Scrum is a way for teams to work together to develop a product. Product development, using Scrum, occurs in small pieces, with each piece building upon previously created pieces. Building products one small piece at a time encourages creativity and enables teams to respond to feedback and change, to build exactly and only what is needed.
Scrum vs Sequential
It is imperative that modern software engineering processes be able to look beyond sequential development processes that work in a repetitive fashion so that they can focus better on delivery time, ROI and adapting to evolving customer needs in an efficient manner. In order to meet these needs, Scrum follows an iterative and incremental approach to software development. It progresses in a consecutive series of time-boxed iterations called sprints, each of which is typically 2-4 weeks long. Therefore, Scrum works best for projects where the requirements are constantly changing. Scrum gives value to the social aspect in software engineering and allows team members to work independently and creatively while also encouraging cohesion in the team. Since Scrum is a light weight process, it can also work as a wrapper, which allows the team to combine Scrum with other agile process frameworks such as the RUP.
A Visual Introduction to Scrum
- The scrum team usually contains anywhere from 5-10 people although scrum also offers convenient scalability. None of the traditional software engineering team roles are upheld with Scrum. Instead the team gets together and uniformly decides to commit to a task during each sprint session and then push forward to complete it together, thus building a rapport among the team members.
- The product owner is the key stakeholder or the key user in the project. He usually also represents other users and customers.
- The Scrum Master is responsible for ensuring that the product is being built the right way. He ensures that the team is being productive by assisting the team with implementing the Scrum process. He also helps remove any obstructions to progress during the sprint.
- The first step that takes place at the beginning of each sprint is a sprint planning meeting where the product owner and the software development team discuss the highest priority items on the product backlog.
- They figure out how many items they can actually commit to completing during that sprint and create a sprint backlog which is essentially the list of tasks that are to be performed during the sprint along with an estimate for the amount of time each will require.
- At the end of each sprint, the team is required to produce and demonstrate a potentially shippable product increment.
- During each sprint session, the team also attends daily scrum meetings of no more than 15 minutes to discuss their progress and any possible hindrances in the way of delivering working, high-quality software.
- At the end of each sprint, a sprint review is conducted where the team has to demonstrate the functionality that was added during the sprint.
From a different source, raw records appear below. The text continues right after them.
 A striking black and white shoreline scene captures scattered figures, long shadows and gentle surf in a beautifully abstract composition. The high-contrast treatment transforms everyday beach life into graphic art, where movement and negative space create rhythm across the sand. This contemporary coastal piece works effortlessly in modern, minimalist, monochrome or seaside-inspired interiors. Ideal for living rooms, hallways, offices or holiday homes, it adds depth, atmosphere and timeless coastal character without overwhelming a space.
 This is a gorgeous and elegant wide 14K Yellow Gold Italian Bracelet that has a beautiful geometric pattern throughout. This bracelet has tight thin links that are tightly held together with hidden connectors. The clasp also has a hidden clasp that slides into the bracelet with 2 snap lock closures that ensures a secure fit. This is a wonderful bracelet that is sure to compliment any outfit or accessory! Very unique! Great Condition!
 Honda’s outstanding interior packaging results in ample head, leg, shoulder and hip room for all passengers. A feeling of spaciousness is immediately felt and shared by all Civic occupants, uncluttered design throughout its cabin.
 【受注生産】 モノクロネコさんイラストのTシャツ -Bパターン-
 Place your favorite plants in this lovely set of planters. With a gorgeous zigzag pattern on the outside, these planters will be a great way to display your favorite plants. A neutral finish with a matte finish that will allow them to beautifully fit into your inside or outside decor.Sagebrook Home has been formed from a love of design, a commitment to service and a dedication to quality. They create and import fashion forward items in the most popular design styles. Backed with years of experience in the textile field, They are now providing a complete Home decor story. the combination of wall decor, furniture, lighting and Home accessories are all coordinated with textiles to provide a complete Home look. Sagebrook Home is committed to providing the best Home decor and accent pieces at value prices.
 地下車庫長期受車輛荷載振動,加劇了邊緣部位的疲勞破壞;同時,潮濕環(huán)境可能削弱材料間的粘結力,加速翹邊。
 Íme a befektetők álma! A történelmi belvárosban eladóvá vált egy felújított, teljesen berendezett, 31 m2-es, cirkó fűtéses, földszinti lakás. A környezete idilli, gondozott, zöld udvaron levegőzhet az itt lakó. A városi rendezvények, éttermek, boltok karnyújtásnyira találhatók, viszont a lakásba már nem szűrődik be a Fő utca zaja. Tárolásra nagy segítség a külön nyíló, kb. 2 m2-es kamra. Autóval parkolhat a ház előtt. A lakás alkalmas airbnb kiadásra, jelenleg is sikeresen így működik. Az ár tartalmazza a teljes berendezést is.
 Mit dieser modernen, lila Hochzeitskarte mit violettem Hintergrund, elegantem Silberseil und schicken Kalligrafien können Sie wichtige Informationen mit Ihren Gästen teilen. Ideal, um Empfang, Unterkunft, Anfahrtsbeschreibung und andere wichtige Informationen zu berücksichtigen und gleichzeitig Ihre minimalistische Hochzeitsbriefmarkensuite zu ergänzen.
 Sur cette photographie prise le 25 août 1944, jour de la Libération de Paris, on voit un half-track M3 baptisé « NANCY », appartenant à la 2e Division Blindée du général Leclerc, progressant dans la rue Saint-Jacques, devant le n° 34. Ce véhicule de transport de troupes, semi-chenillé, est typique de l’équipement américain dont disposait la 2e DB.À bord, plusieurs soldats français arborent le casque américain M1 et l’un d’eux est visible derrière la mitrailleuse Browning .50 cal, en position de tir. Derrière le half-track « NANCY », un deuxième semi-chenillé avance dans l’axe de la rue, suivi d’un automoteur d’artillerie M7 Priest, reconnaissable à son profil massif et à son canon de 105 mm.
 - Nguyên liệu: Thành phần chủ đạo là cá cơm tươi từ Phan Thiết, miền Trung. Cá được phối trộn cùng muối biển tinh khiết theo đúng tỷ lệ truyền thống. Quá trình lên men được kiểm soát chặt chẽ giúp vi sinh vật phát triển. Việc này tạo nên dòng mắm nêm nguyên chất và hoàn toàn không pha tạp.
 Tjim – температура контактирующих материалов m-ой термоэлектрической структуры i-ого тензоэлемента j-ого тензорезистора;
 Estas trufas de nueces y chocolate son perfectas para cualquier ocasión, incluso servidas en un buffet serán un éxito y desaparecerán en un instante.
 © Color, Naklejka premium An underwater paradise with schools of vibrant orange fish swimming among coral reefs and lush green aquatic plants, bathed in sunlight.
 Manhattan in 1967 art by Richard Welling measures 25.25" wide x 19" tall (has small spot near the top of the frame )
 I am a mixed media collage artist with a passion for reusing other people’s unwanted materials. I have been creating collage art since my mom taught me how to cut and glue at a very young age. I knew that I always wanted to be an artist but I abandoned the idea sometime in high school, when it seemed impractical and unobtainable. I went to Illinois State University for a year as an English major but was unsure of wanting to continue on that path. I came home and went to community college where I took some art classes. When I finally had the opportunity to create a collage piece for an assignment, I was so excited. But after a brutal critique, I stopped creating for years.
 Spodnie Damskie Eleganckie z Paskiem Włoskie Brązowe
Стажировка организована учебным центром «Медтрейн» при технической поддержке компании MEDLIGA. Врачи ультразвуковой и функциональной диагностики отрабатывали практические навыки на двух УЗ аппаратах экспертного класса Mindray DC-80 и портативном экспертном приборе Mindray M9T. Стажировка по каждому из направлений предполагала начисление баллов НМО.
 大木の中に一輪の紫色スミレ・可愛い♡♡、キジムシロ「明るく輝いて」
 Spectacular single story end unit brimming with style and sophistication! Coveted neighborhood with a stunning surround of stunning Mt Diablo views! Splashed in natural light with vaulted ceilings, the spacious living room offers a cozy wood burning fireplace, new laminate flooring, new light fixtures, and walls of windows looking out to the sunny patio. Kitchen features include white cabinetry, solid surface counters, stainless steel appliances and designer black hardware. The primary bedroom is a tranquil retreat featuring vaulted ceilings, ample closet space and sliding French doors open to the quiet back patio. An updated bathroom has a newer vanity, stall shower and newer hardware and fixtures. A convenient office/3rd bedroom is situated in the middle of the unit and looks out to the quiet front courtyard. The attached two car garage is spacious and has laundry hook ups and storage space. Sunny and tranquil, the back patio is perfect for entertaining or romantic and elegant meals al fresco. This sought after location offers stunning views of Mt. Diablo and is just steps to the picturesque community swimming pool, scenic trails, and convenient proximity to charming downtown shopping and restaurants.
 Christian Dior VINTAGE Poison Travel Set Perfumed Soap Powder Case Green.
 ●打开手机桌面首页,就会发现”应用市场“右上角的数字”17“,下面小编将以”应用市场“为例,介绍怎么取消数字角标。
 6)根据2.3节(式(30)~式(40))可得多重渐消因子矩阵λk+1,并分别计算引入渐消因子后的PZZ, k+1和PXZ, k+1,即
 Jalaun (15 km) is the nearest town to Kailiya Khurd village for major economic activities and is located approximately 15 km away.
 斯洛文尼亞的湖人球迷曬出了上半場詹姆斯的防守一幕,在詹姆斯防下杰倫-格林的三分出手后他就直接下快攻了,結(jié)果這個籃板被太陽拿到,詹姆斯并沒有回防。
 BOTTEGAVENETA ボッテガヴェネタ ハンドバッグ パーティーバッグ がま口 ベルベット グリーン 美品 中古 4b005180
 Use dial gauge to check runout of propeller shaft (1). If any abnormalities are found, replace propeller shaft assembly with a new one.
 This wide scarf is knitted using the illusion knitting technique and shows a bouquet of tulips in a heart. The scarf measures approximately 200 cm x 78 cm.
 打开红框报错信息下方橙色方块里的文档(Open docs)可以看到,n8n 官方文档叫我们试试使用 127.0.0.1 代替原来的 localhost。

The idea is to obtain feedback from the product owner and other users whose feedback can be incorporated into the functionality. It may also mean adding more items to the scrum product backlog.
- Another activity called the sprint retrospective is performed as well at the end of each sprint in which the whole team including the Scrum Master and the Product Owner take part in order to reflect on the sprint that just ended and identify innovative ways to improve in the upcoming sprint.